Go bindings for TA-Lib that embed the C source directly — no system library installation required. Users need only go get. A working CGO environment is the only requirement, works out of the box with typical Go toolchain installations.

Note: The maintainers of TA-Lib have graciously accepted this project under the official TA-Lib GitHub organization. The import path has changed to github.com/TA-Lib/ta-lib-cgo and this is the canonical location going forward.

Quick start

import ta "github.com/TA-Lib/ta-lib-cgo"

// SMA over 10 prices with a 3-bar period.
prices := []float64{1, 2, 3, 4, 5, 6, 7, 8, 9, 10}
result := ta.Sma(prices, 3, nil)
// result: [NaN, NaN, 2.0, 3.0, 4.0, 5.0, 6.0, 7.0, 8.0, 9.0]

// MACD.
macd, signal, hist := ta.Macd(prices, 12, 26, 9, nil, nil, nil)

outBuf pattern

Pass a slice as the last argument(s) to reuse an existing buffer and avoid allocation:

buf := make([]float64, 0, 1000) // allocate once

for _, batch := range batches {
    result := ta.Sma(batch, 20, buf) // reuses buf if cap >= len(batch)
    process(result)
    buf = result // keep the buffer for next iteration
}

If outBuf is nil or its capacity is less than the input length, a new slice is allocated.

Lookback and NaN padding

All output slices have the same length as the input. The first Lookback positions are filled with NaN (the "warmup" period where insufficient data exists for a valid output).

lb := ta.SmaLookback(3) // returns 2
// The first 2 values of Sma(..., 3, nil) will be NaN.

Use lookback functions to sub-slice into valid data:

result := ta.Sma(prices, 20, nil)
lb := ta.SmaLookback(20)
validResult := result[lb:] // only valid (non-NaN) values

Platform support

Requires CGO. Tested on macOS, Linux, and Windows 11 (MSYS2/GCC).

Windows setup (MSYS2)

  1. Download and install MSYS2.
  2. From the MSYS2 terminal, install GCC and Go:
    pacman -S mingw-w64-x86_64-gcc mingw-w64-x86_64-go
    
  3. Use your project as normal — go build and go test work out of the box.

Or feel free to try using other C compilers, untested but might work just fine.

Rationale

Existing Go TA-Lib approaches have significant trade-offs:

  • Pure-Go reimplementations diverge from the reference C implementation and require ongoing maintenance to stay in sync. Any upstream bug fix or edge-case change must be manually ported.
  • System-library wrappers require TA-Lib to be pre-installed (apt install, brew install, etc.), complicating builds, CI, and distribution — especially across macOS and Linux.

This library takes a different approach: the TA-Lib C source is embedded directly as an amalgamation file (talib_amalgamation.c), committed to the repository. CGO compiles it as part of the normal go build. Algorithm correctness is guaranteed by the upstream C implementation, and you get a single go get with no external dependencies.

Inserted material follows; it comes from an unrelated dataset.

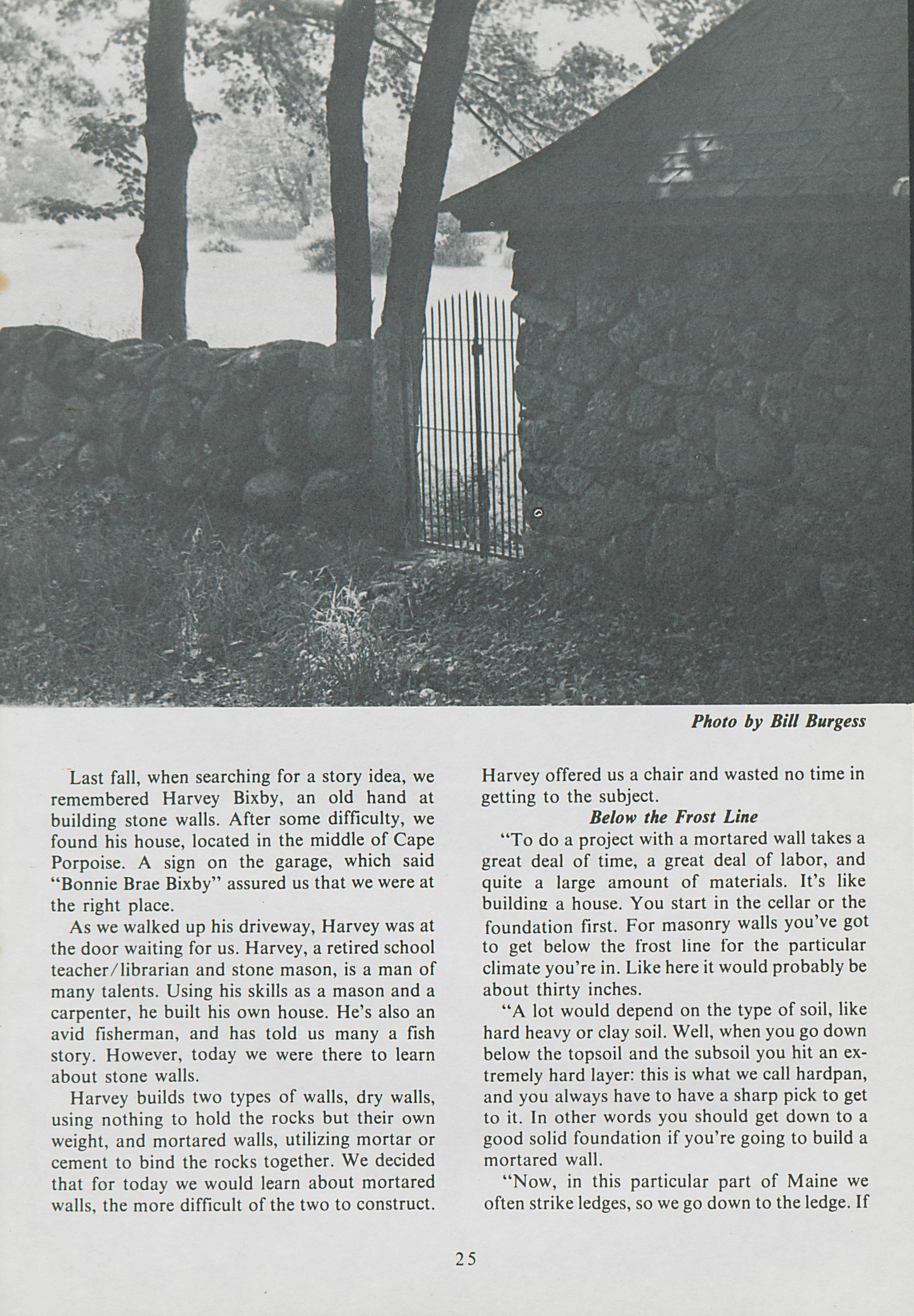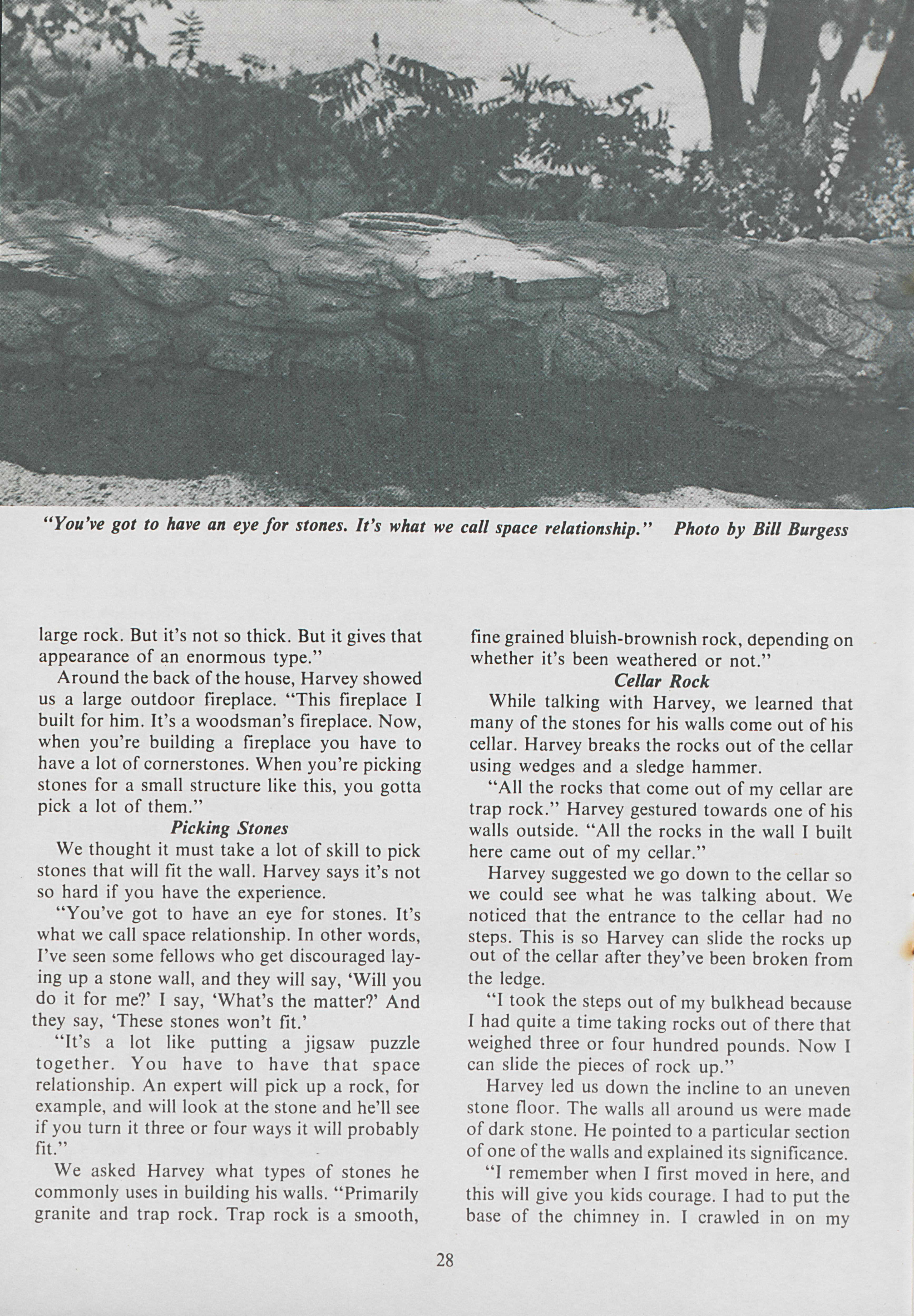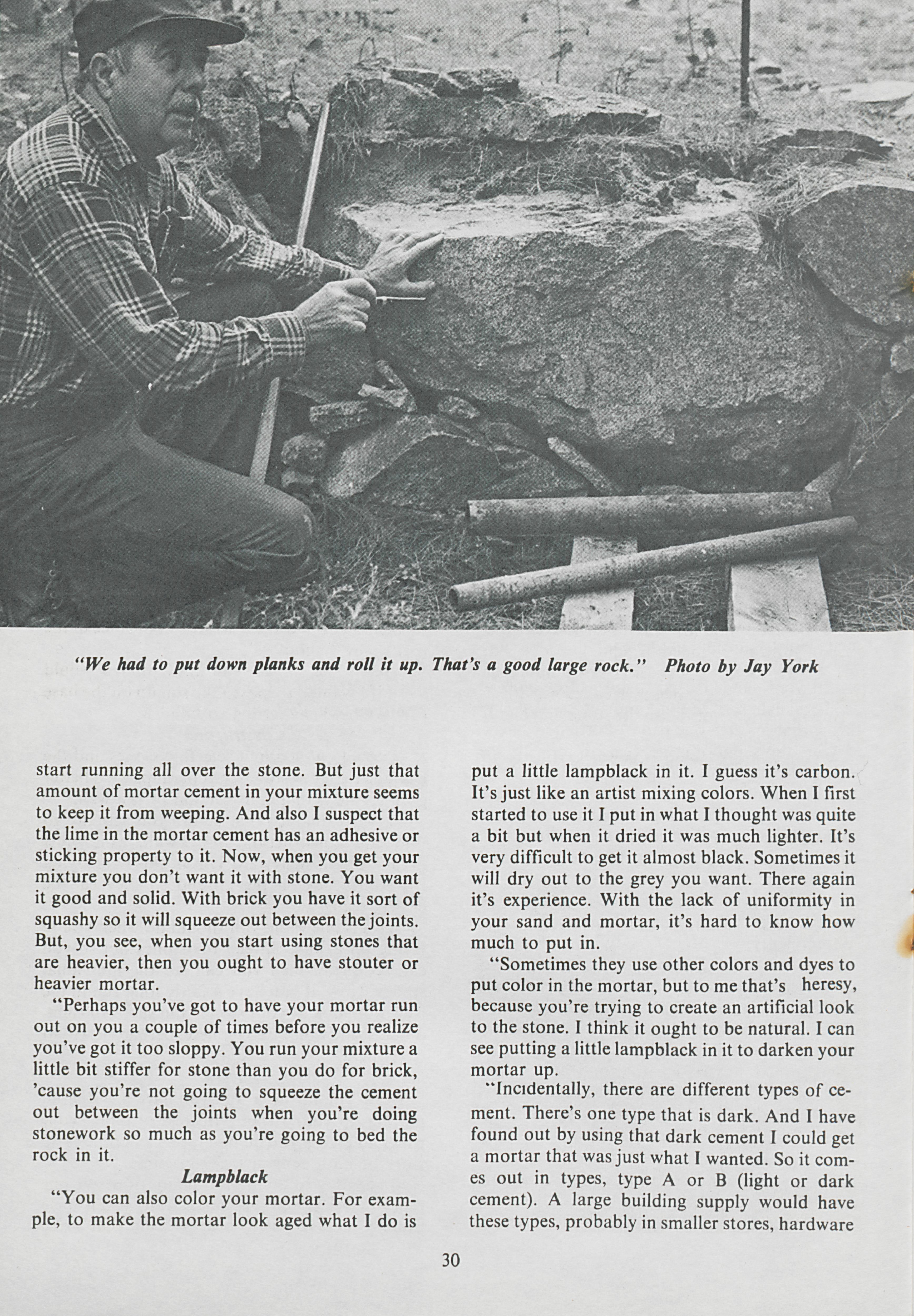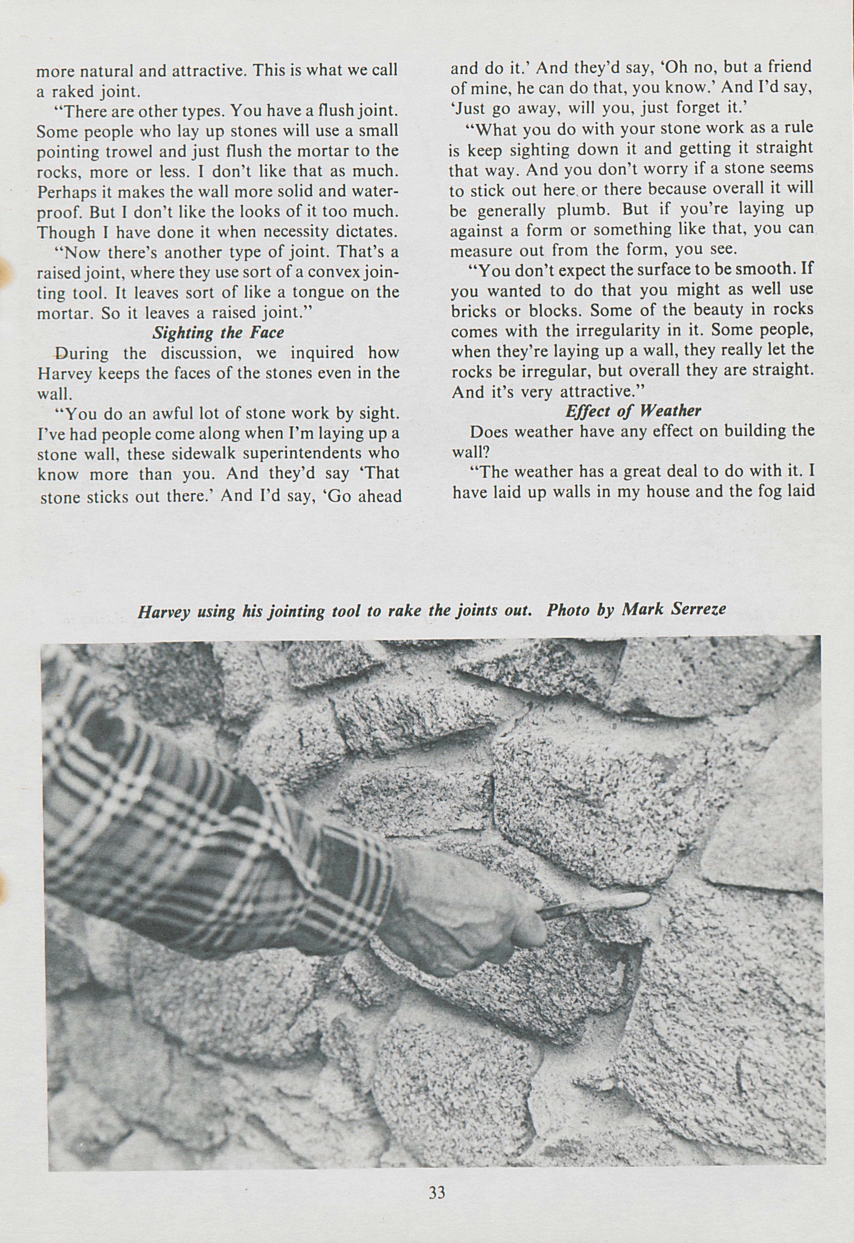 Continuing the story of stone walls, Mark Serreze speaks to Harvey Bixby about the mortared wall. Bixby discusses his work as a mason and creating stone walls.

The API is designed for high-frequency and batch processing workloads. Callers control output allocation via the outBuf parameter pattern — buffers can be reused across calls to eliminate allocations in tight loops.

Tests

A sensible set of tests are included, some of them generated. The objective with the test suite is to provide some decent coverage that provides some proof this thing actually works, while not introducing a significant maintenance burden of trying to exhaustively prove what TA-Lib already implements and handles.

Maintenance - Updating TA-Lib

If you wish to do work on this wrapper library or update it, you can:

  • Edit the version tag in the //go:generate directive in talib.go as needed.
  • Run go generate from the repository root.
  • Run go test -v -count=1 ./... to make sure it's all working
  • Commit include/, talib_amalgamation.c, and *_gen.go files.

The go generate step requires additional tooling including CMake and uv. It will download the TA-Lib source and (re)generate the various function wrappers and test code. Python (handled via uv) is used to generate sample outputs using it's own TA-Lib bindings which we then verify in Go tests.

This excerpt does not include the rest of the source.